Recently, Accenture completed the acquisition of Seabury Group, a strategy consulting firm with primarily focus on the aviation industry. We believe that the buyout will expand Accenture’s capabilities in providing end-to-end strategy consulting services to the airline companies. It will also help the company in gaining more market share, thereby boosting its top-line performance, going forward.
Accenture’s solid performance across insurance, banking and health care segments reflects strong demand for its services, which will boost its long-term growth.
However, increasing competition from Cognizant Technology Solutions and International Business Machines Corporation IBM, a strained spending environment and Accenture’s broad European exposure may tamper growth to some extent.

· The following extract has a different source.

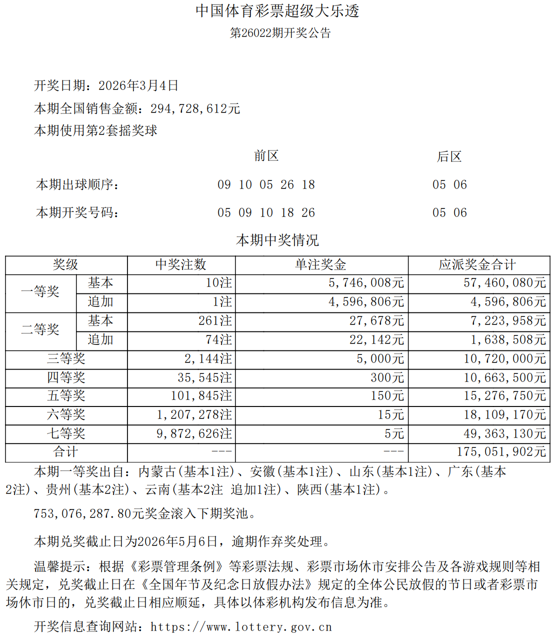 3月4日,超级大乐透第26022期开奖。前区开出号码05、09、10、18、26;后区开出号码05、06。

Accenture PLC Price and EPS Surprise
Our proven model does not conclusively show that Accenture will beat earnings estimates this quarter. This is because a stock needs to have both a positive Earnings ESP and a Zacks Rank #1 (Strong Buy), 2 (Buy) or 3 (Hold) for this to happen. That is not the case here as you will see below.
Zacks ESP: Both the Most Accurate estimate and the Zacks Consensus Estimate is pegged at $1.30 per share. Hence, the difference is 0.00%. You can uncover the best stocks to buy or sell before they’re reported with our Earnings ESP Filter.
Zacks Rank: Although Accenture’s Zacks Rank #3 increases the predictive power of ESP, its 0.00% ESP makes surprise prediction difficult.
Note that we caution against stocks with a Zacks Rank #4 or 5 (Sell rated) going into the earnings announcement, especially when the company is seeing negative estimate revisions.
Stocks to Consider
Here are a couple of stocks that you may consider, as our model shows that they have the right combination of elements to post an earnings beat:
Constellation Brands, Inc. STZ, with an Earnings ESP of +0.73% and a Zacks Rank #3. You can see the complete list of today’s Zacks #1 Rank stocks here.
FedEx Corp. FDX, with an Earnings ESP of +3.40% and a Zacks Rank #3.